Operator: Thank you sir.


  At this time I would like to remind everyone in order to ask a question please press star then the number 1 on your telephone keypad and we’ll pause for just a moment to compile the Q&A roster.

  Your first question comes from Greg McMichael of AG Edwards.

Greg
McMichael:
Good morning (Jim).

James
Volker:
Morning Greg.

Greg
McMichael:
Just first of all I want to ask you — first of all I want to say congratulations on being public and also on having a great year — good finding cost and a good quarter.

James
Volker:
Thank you Greg.

Greg
McMichael:
Second of all I wanted to ask you about the market for acquisitions right now. Obviously that’s a big part of your growth and I know you’re constantly reviewing properties in the market. Can you tell us whether the acquisition market has changed let’s say in the last 90 — 60 and 90 days since you went public and what are you seeing out there in terms of something that would fit in Whiting’s current existing asset base?

James
Volker:
Greg the acquisition market at this point in time is surprisingly active. We at any point in time probably have four or five properties under evaluation and at the point that we believe we will be making offers.

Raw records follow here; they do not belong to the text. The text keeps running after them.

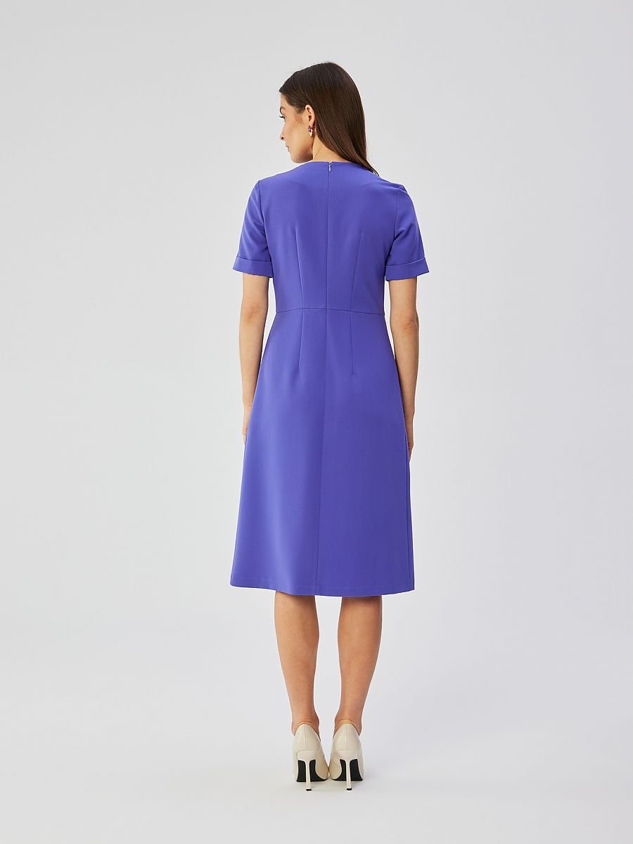 Creato con attenzione ai dettagli, l’abito è un pezzo unico, disegnato e cucito in Polonia, che evidenzia l’alta qualità della lavorazione e il carattere locale. Le pieghe decorative sui lati dell’abito aggiungono un tocco unico al look complessivo, conferendogli un aspetto distintivo e originale. La scollatura a goccia aggiunge delicatezza all’abito, evidenziando il petto delicatamente esposto. Il taglio in vita conferisce eleganza allo stile, sottolineando le curve femminili. Le maniche corte arrotolate aggiungono leggerezza all’abito e gli conferiscono un tocco casual. Il fondo ad A rende l’abito comodo e aggiunge una forma morbida e sottile alla silhouette femminile. La lunghezza sotto il ginocchio rende l’abito adatto sia alle occasioni più formali che all’abbigliamento quotidiano. La cerniera nascosta sul retro consente di indossare e togliere l’abito con facilità, pur mantenendo un aspetto elegante. L’assenza di fodera fa sì che il tessuto si appoggi piacevolmente sul corpo, rimanendo leggero e comodo da indossare. Questo abito non si distingue solo per il suo design originale, ma è anche un fiero rappresentante della sartoria e del design artigianale polacco.
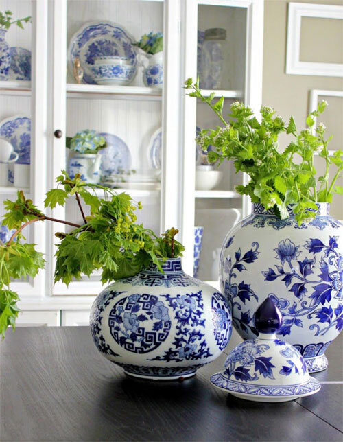 Прекрасно освежат обстановку красивые вазы, покрытые традиционным кобальтовым рисунком. Они бывают самых разнообразных размеров и форм, с ручками и без таковых, напольные и настольные.
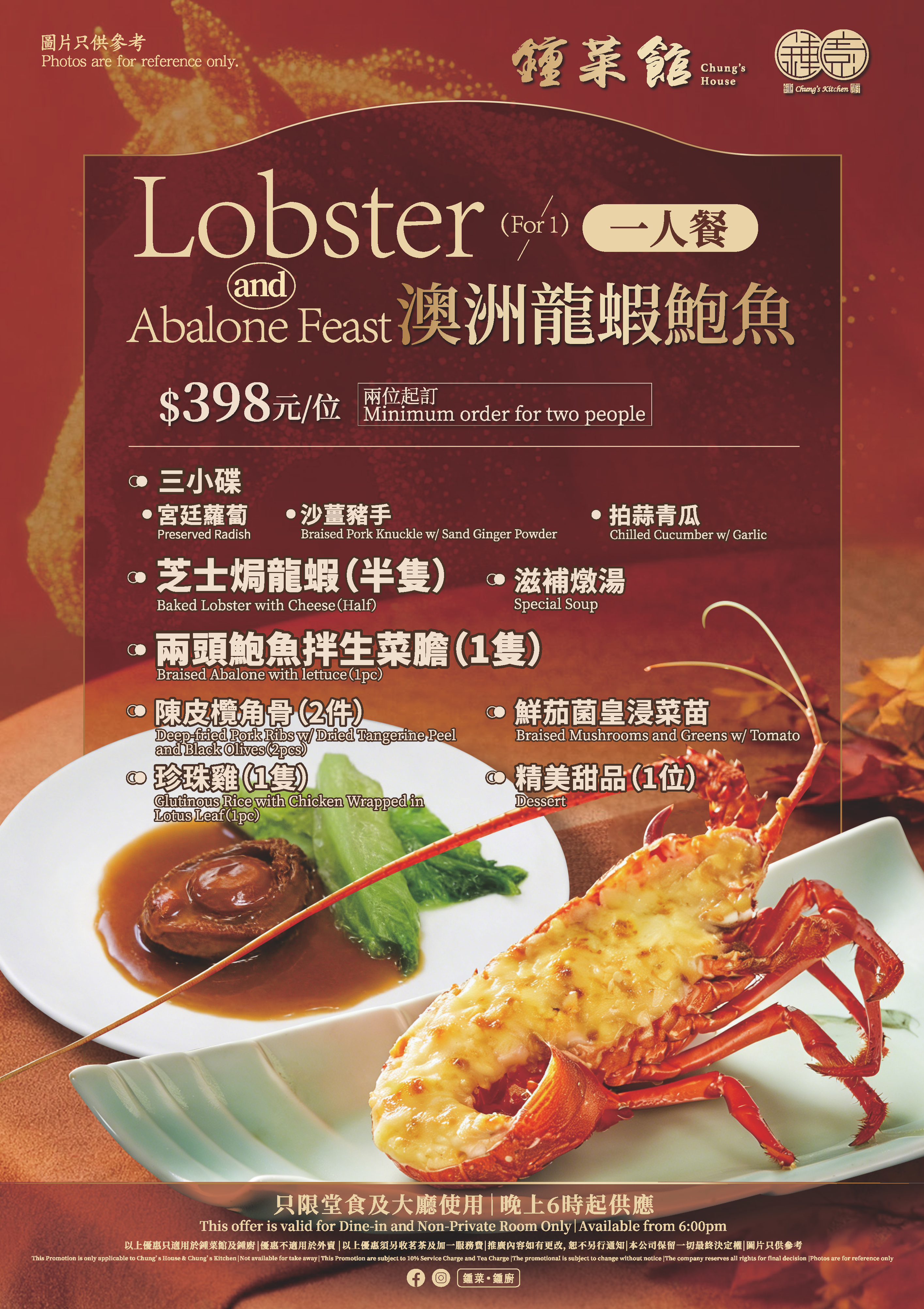 .鍾廚 澳洲龍蝦鮑魚一人餐(2位起訂)

  With respect to how it may have changed in the last 60 to 90 days really we don’t see that much of a change over that period of time. It has been active as some potential sellers choose to take advantage of the current pricing environment. And second we believe that it is competitive as it always has been however our approach to acquisitions has always been that if you’re disciplined, if you stick to your knitting, stick to places that you know, and stick to your essentially rate of return criteria which for us is typically pre-tax rates of return at typical hedge price (decks) over two to five years in the 15 to — percent or greater pre-tax rates of return, why that you can do it. ROE just has to be disciplined.


  Thank you.

Greg
McMichael:
(Jim) Casperson I wanted to ask you a couple questions about the balance sheet. Long-term payable to (Aliant) and then other long-term liabilities, could you give us a little more detail on that?

James
Casperson:
Okay. When you’re looking at the long-term liability due to (Aliant) that is comprised of an amount due to them applicable to the tax sharing arrangement that was signed in November and was invoked at the time of the IPO. In addition with that there was a $3 million note to (Aliant) that was signed in that step-up in basis tax sharing arrangement.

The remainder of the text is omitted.